┌────────

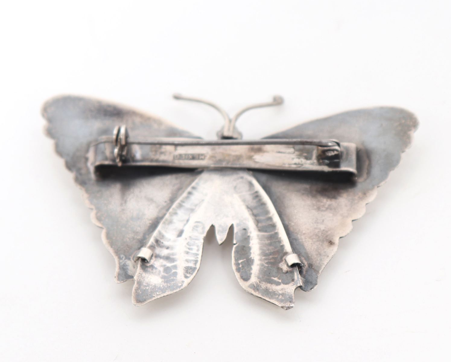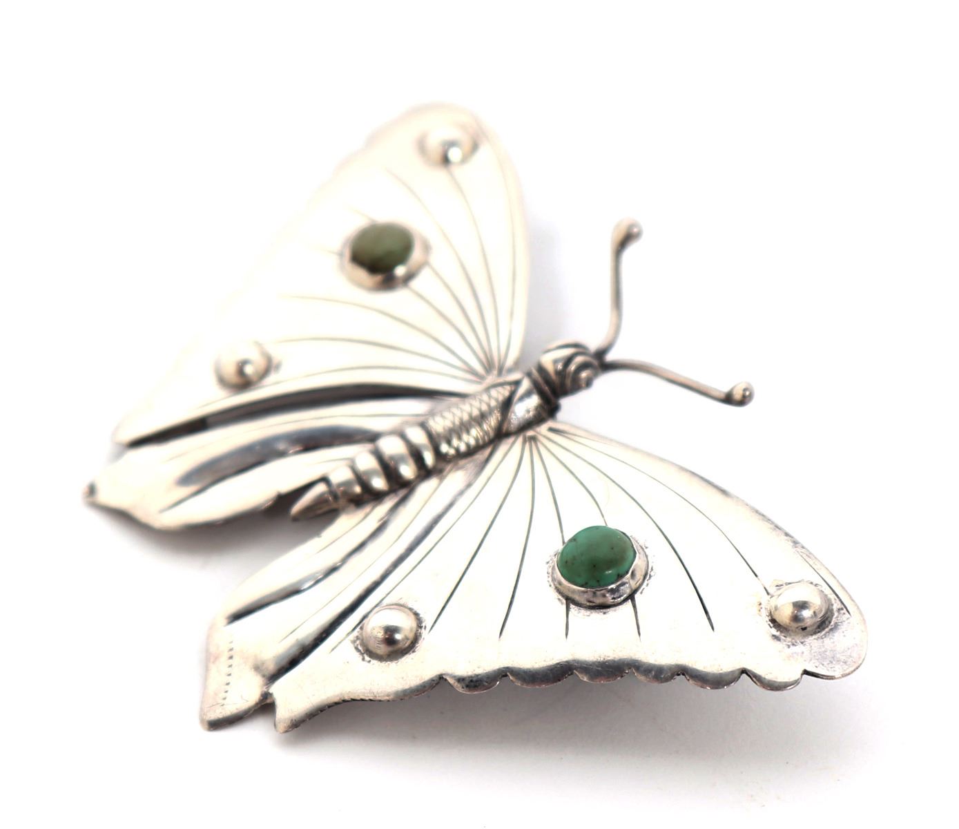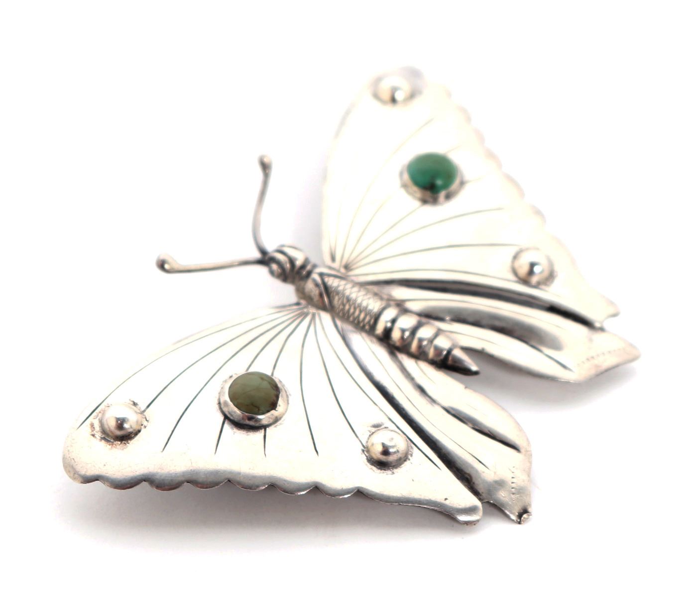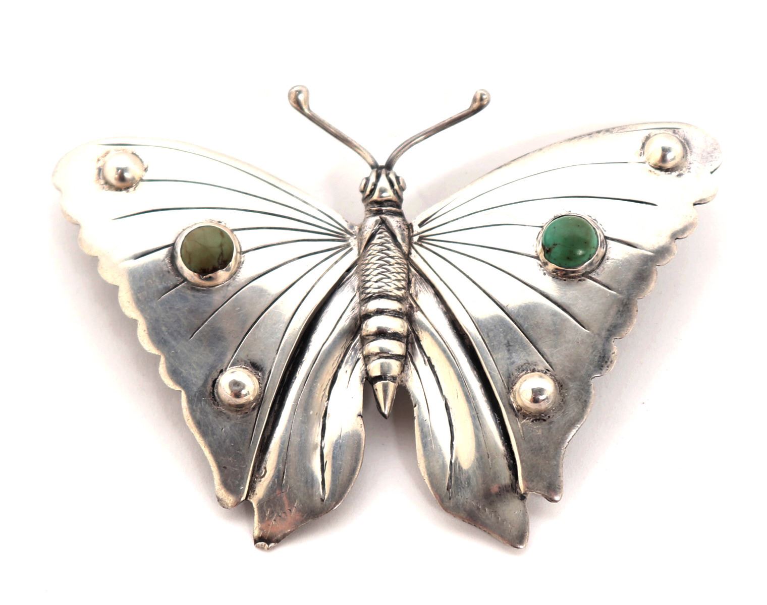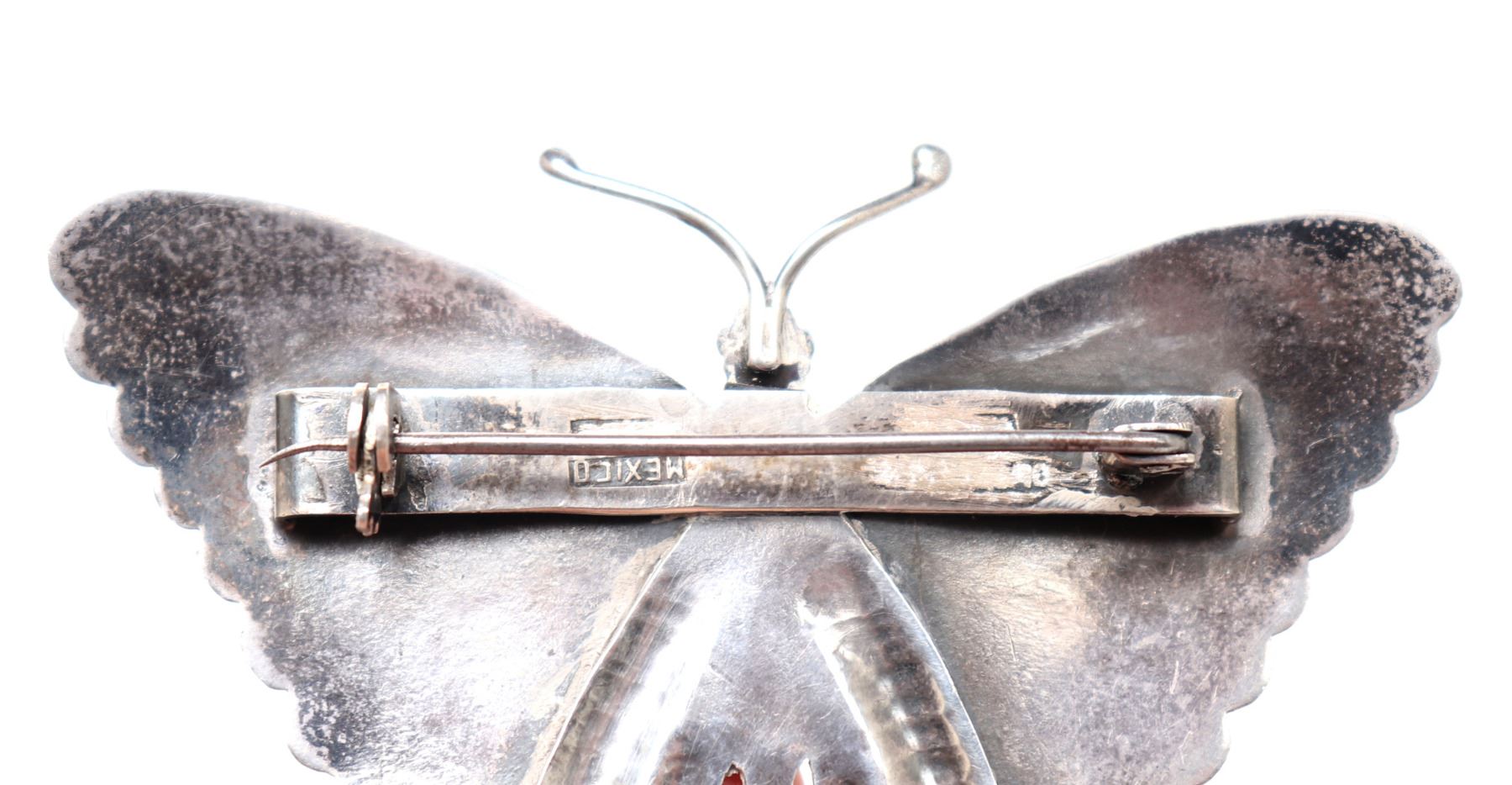Finely hand crafted sterling silver butterfly with two turquoise inlayed beads to each wing. Body wonderfully crafted with long antennae, bulbous eyes, and striped wings. Underside marked Mexico. Size 3 1/4" W. Condition: Wearable condition throughout.
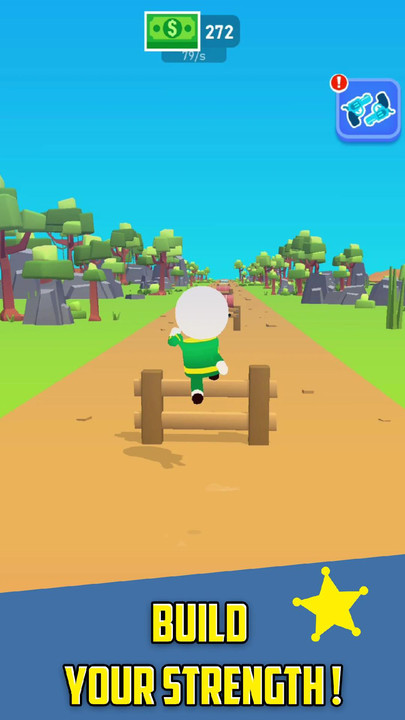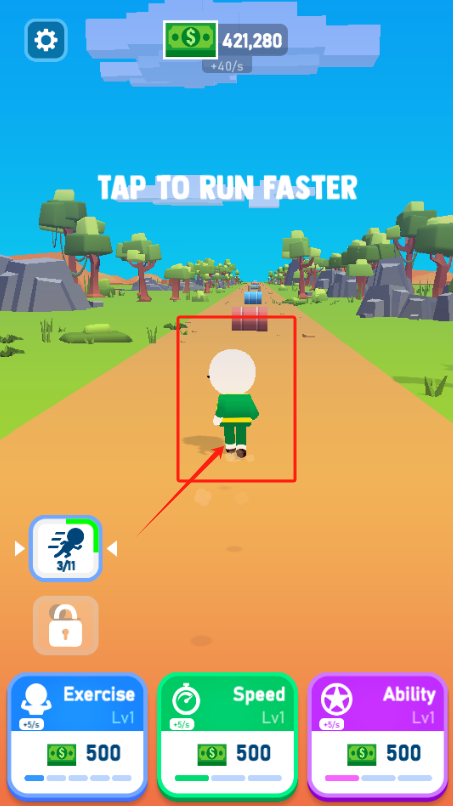1、快速点击屏幕让角色加速跑,攒够500金币就点下面三个升级按钮。
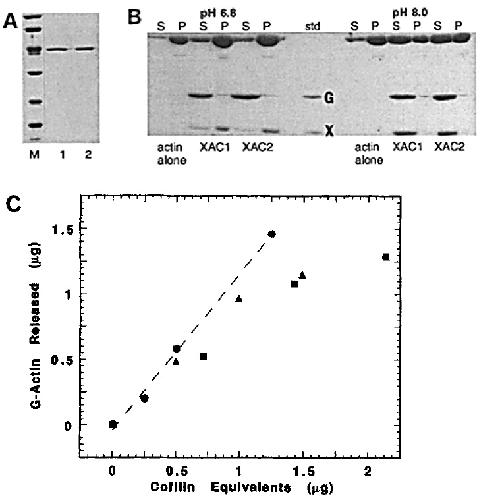 pH-dependent F-actin binding of XAC1 and XAC2. Approximately
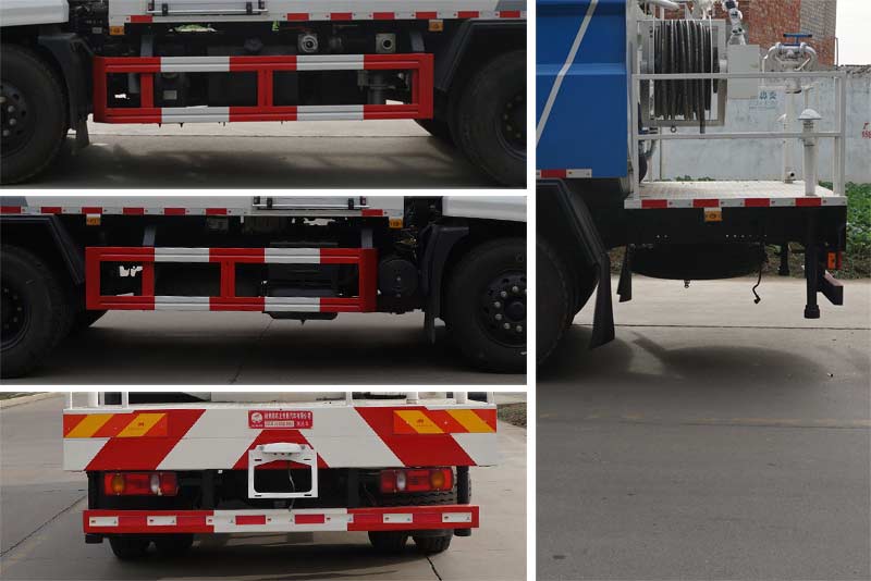 随底盘选装驾驶室.选用3800,3950mm轴距.选装无后护栏.选装清洗卷盘.罐体有效容积为:8.4立方米,罐体截面为多边形及圆弧组成,长卓碜高(mm):2500?300?450,介质:水.侧后防护采用Q235材质焊接连接,后部防护断面尺寸(mm):50?20,后部防护离地高度(mm):500.ABS型号/生产厂家:3631010-C2000/东科克诺尔商用车制动系统(十堰)有限公司,ABS 8/东科克诺尔商用车制动系统(十堰)有限公司, 4460046450/威伯科汽车控制系统(中国)有限公司.该车用于管道疏通、路面冲洗等;主要装置为管道疏通设备、喷洗装置等. |
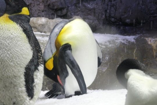 こちらは海遊館のキング。前回のイワトビと同じようなところをクチバシで掻いていますが、上半身だけ曲げて...
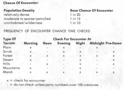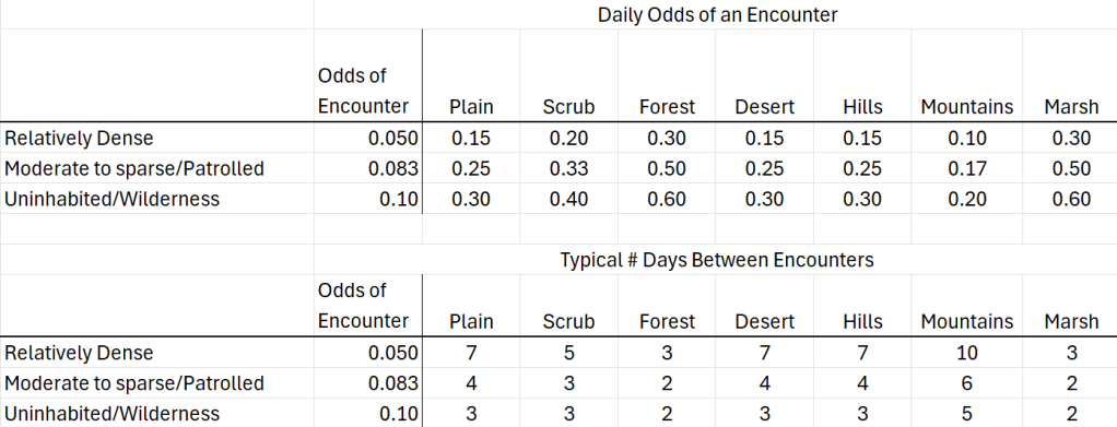 One thing that sticks our here is that the more densely populated an area is, the less likely there is to be an encounter. Huh? Shouldn’t encounters be more frequent in populated areas? Well, no. Look at it this way, these odds are not the odds of meeting people, but the odds of a potentially hostile and/or beneficial encounter. In densely populated areas, one isn’t likely to get devoured by wolves or find a dragon’s hoard. In populated lands, people are just going about their business. So, it looks like the best places to have an encounter are a Forest or Marsh.
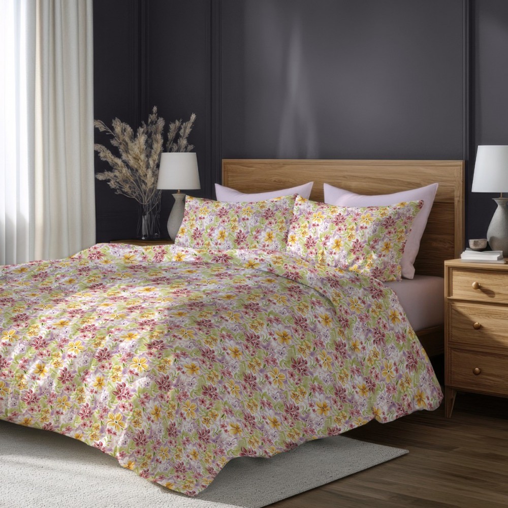 Спалният комплект Верано пренася жизнената енергия на лятната градина директно във вашата спалня. Десенът е издържан в ефирен романтичен стил, изпълнен с пъстри флорални мотиви в нюанси на лилаво, слънчево жълто и свежо зелено. Това цветно спално бельо е перфектен избор за тези, които се стремят към позитивна атмосфера и визуално богатство в интериора.
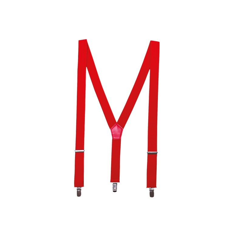Bretelles en Y dans le dos, tissu élastique extensible pour le confort et le style. Bretelle de 3 cm de large. Deux clips métalliques anti-glissement sur l'avant pour se fixer au pantalon. Un clip dans le dos. Boucles autobloquantes métalliques pour l'ajustage, ce qui en fait un article à taille unique.
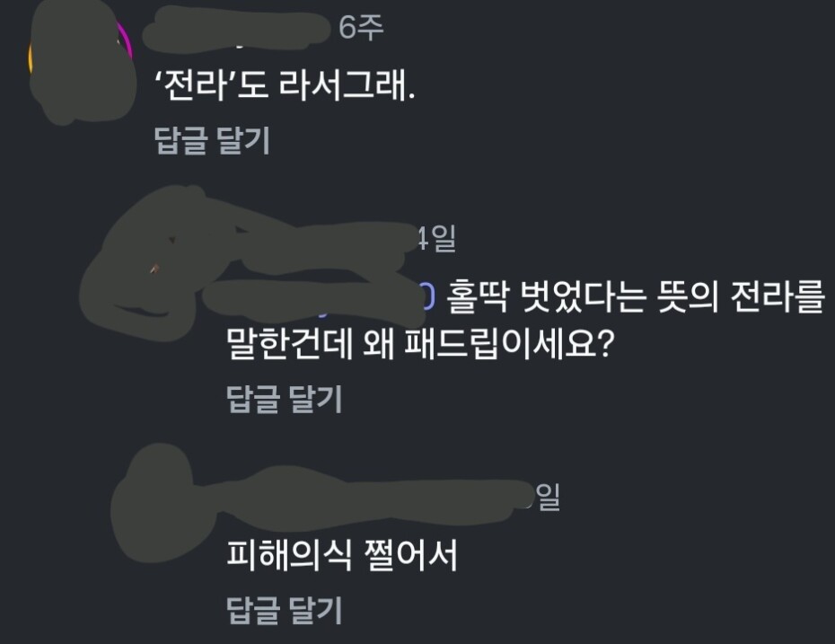 정상인은 인터넷발 혐오를 모르니까 별생각 없이 편하게 발언한 건데 인터넷 갈라치기에 빠져사는 애들은 뭐만하면 곡해해서 갈라치기하네 지역비하하네 성별차별하네 하면서 발작 일으킴 ㅌㅋㅋ 자기들만 아는 그 오물통 같은 세계를 모두가 알고 조심해줬으면 하는 음침한 찐따감성에 빠져 살고 있음. 네이버 카페에 지뢰표 써놓는 거 보는 거 같아
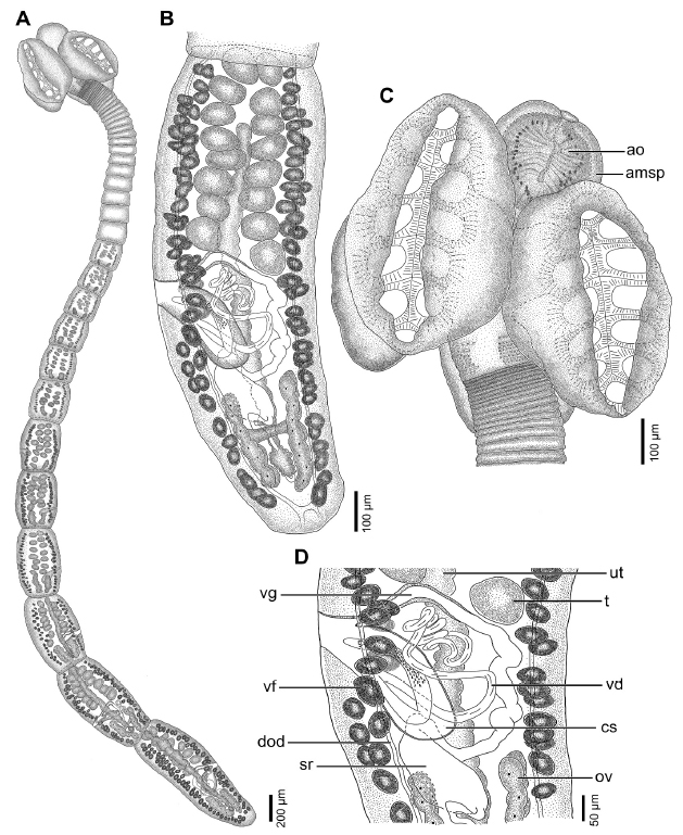 Fig. 2. Line drawings of Echeneibothrium cristinae sp. nov. from Bathyraja cousseauae. (A) Whole mature worm (holotype MACN-Pa No. 734). (B) Terminal mature proglottid (paratype MACN-Pa No. 736/4). (C) Scolex (holotype MACN-Pa No. 734). (D) Detail of terminal genitalia in a terminal mature proglottid (paratype MACNPa No. 736/4). Abbreviations: amsp, apical modification of scolex proper; ao, apical organ; cs, cirrus sac; dod, dorsal osmorregulatory duct; ov, ovary; sr, seminal receptacle; t, testes; ut, uterus; vd, vas deferens; vf, vitelline follicle; vg, vagina.
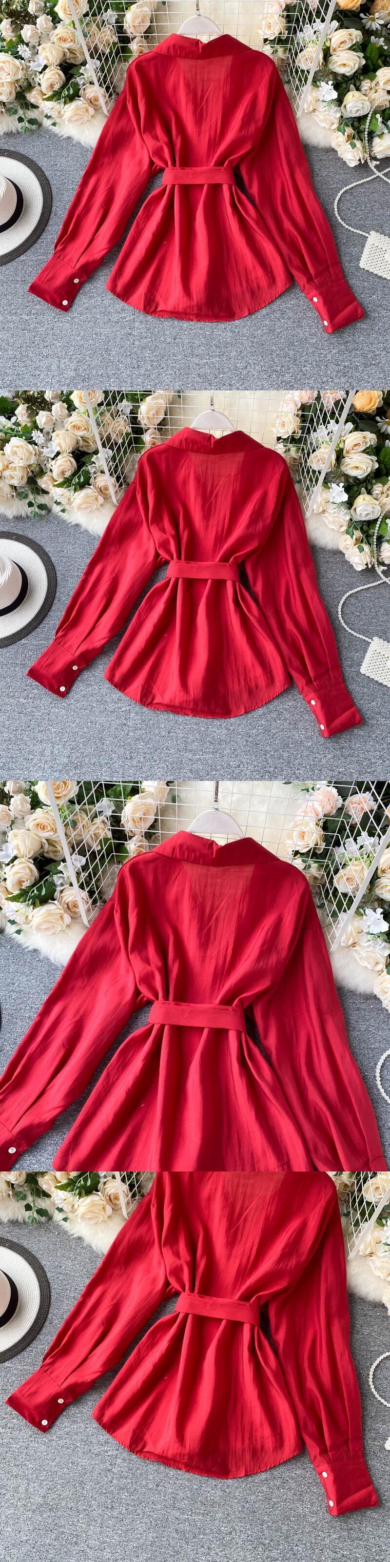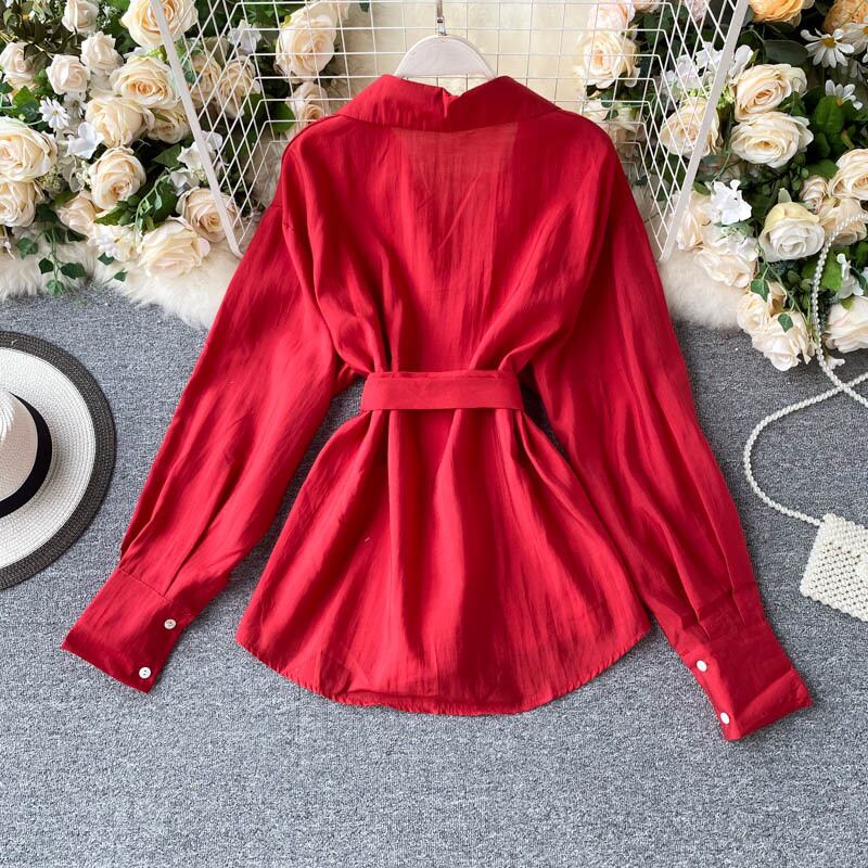 Autumn 2020 new women's shirts with lace-up waist and thin solid color all-match long-sleeved temperament bottoming tops trendy ロング レース シャツ オータム 秋物 レースアップ ソリッドカラー lyxaj33524730790

└────────

▸ TO DO: Output the lines, exactly: the first line of the entries above, every line after it, and the line with "One thing that" as the last. No pictures.

▸ SOLUTION:
Finely hand crafted sterling silver butterfly with two turquoise inlayed beads to each wing. Body wonderfully crafted with long antennae, bulbous eyes, and striped wings. Underside marked Mexico. Size 3 1/4" W. Condition: Wearable condition throughout.
1、快速点击屏幕让角色加速跑,攒够500金币就点下面三个升级按钮。
 pH-dependent F-actin binding of XAC1 and XAC2. Approximately
 随底盘选装驾驶室.选用3800,3950mm轴距.选装无后护栏.选装清洗卷盘.罐体有效容积为:8.4立方米,罐体截面为多边形及圆弧组成,长卓碜高(mm):2500?300?450,介质:水.侧后防护采用Q235材质焊接连接,后部防护断面尺寸(mm):50?20,后部防护离地高度(mm):500.ABS型号/生产厂家:3631010-C2000/东科克诺尔商用车制动系统(十堰)有限公司,ABS 8/东科克诺尔商用车制动系统(十堰)有限公司, 4460046450/威伯科汽车控制系统(中国)有限公司.该车用于管道疏通、路面冲洗等;主要装置为管道疏通设备、喷洗装置等. |
 こちらは海遊館のキング。前回のイワトビと同じようなところをクチバシで掻いていますが、上半身だけ曲げて...
 One thing that sticks our here is that the more densely populated an area is, the less likely there is to be an encounter. Huh? Shouldn’t encounters be more frequent in populated areas? Well, no. Look at it this way, these odds are not the odds of meeting people, but the odds of a potentially hostile and/or beneficial encounter. In densely populated areas, one isn’t likely to get devoured by wolves or find a dragon’s hoard. In populated lands, people are just going about their business. So, it looks like the best places to have an encounter are a Forest or Marsh.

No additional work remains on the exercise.